山川「さて佐良さん、どんどん進めましょうか。おたくの方は今度は?」
佐良「今度は人数でまいります。2人組です」
山川「2人組?私の方は倍の4人でいきます」
佐良「あら、でもね、これはね。現在ではその4人の方が強いかもしれません。でも私が言っている強さは将来性ですから。将来こちらは男女ですからいくらでも増えることはできます。でも男4人では逆立ちしてもいつまで経っても男4人です」
山川「これは一本やられましたけど、私の方は麻雀やるとすぐパッと4人集まるので便利ですよ」
佐良「いえいえ、こちらは2人ですからこいこいが出来ます、「恋の風車」チェリッシュ!」

(解説)
 今ではすっかり事前収録と化した演奏ですが、ひと昔前まではバンドの生演奏でした。

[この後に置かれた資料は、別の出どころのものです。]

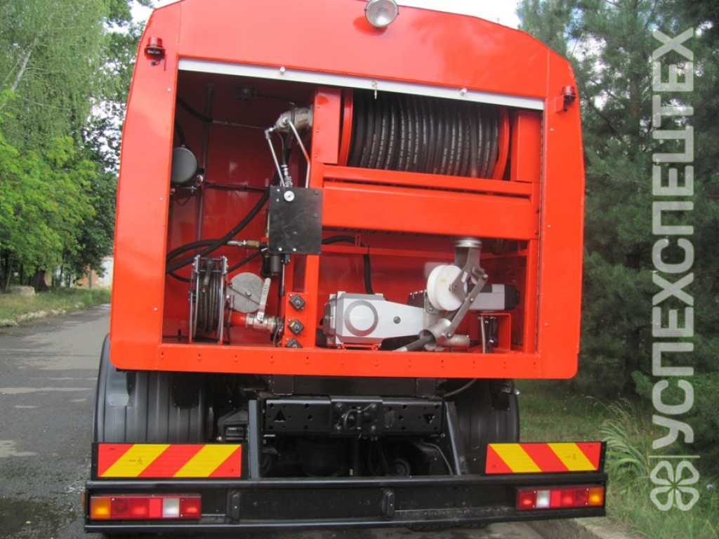 Специальное оборудование каналопромывочной машины КО-564-20 состоит из цистерны, водяного насоса с приводом, барабана с намотанным рукавом, гидравлической системы и вспомогательного оборудования.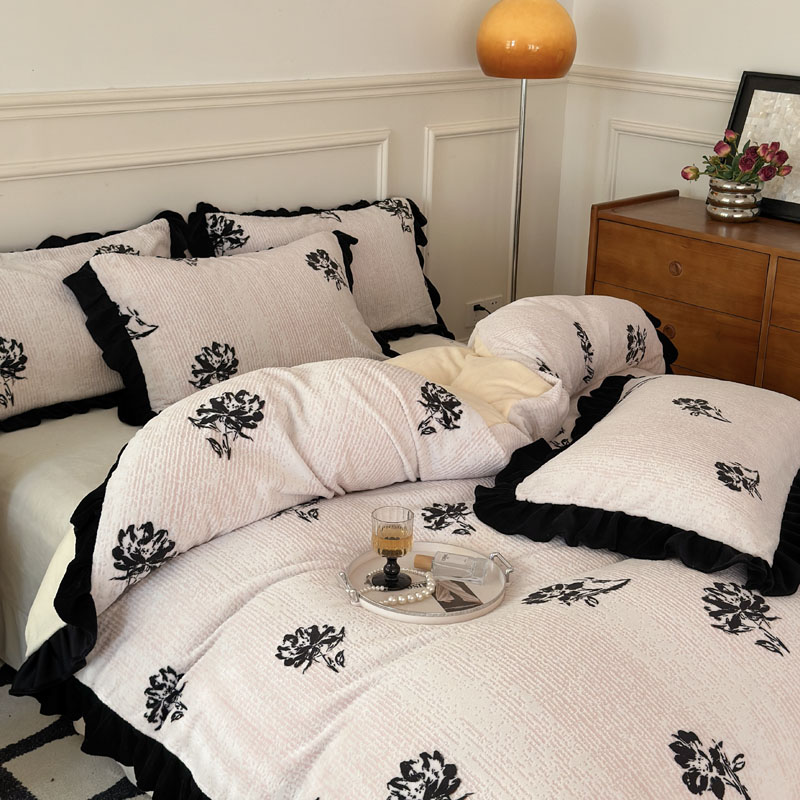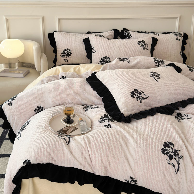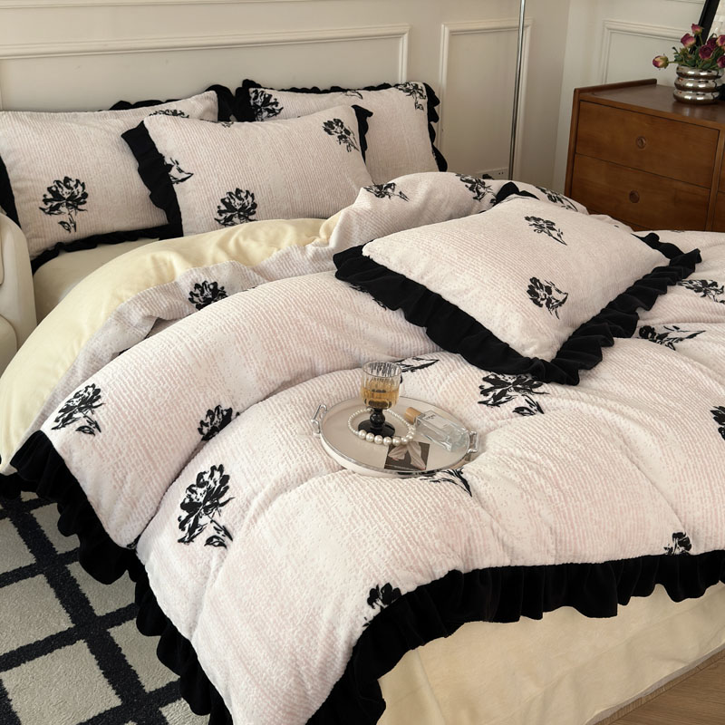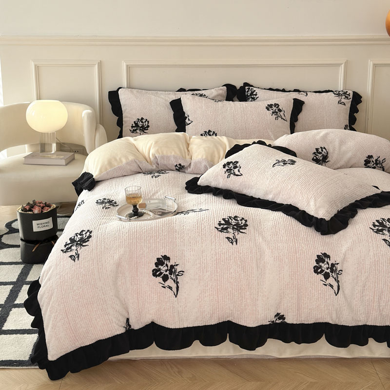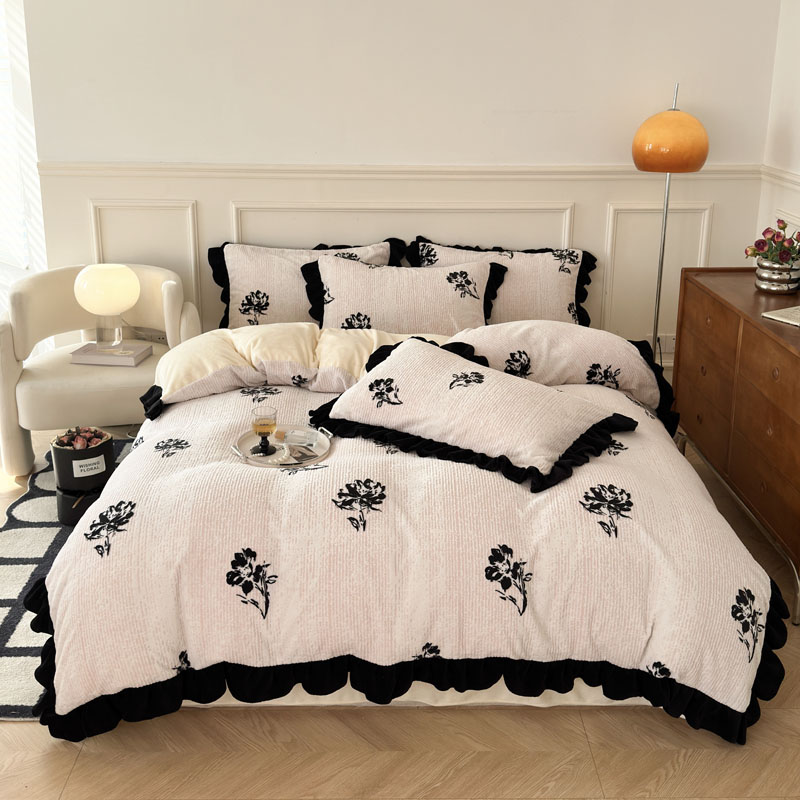 (总)大麦家纺 2025新款高克重牛奶绒花边床盖四件套,玫瑰故事,豹纹,复古樱桃,蝴蝶结紫色,玫瑰之约,美拉德猫,织梦空间

当時は打ち込みで音楽を作る技術も無く、『夜のヒットスタジオ』などの音楽番組も生演奏が当たり前の時代。第33回(1982年)までは紅組、白組でそれぞれバンドも分かれていました。小野満とスイングビーバーズは第18回(1967年)から、紅組を担当した年を含めると第34回(1983年)まで連続して担当。原信夫とシャープス・アンド・フラッツはこの年3年ぶりに復帰しますが、次年以降はダン池田とニュー・ブリードに紅組演奏の座を譲ります。また、紅組歌手がバンドマスターに花束を渡す演出はこの年から始まりました。
 佐良さんと山川アナのここでのやり取りも見事だったので全掲。このように2つ続くステージを一気に紹介する場面は、当時紅白史上初めての試みでした。

 

チェリッシュ(2年連続2回目/第24回/1971/23~25)
「恋の風車」(1974/林 春生/筒美京平/初)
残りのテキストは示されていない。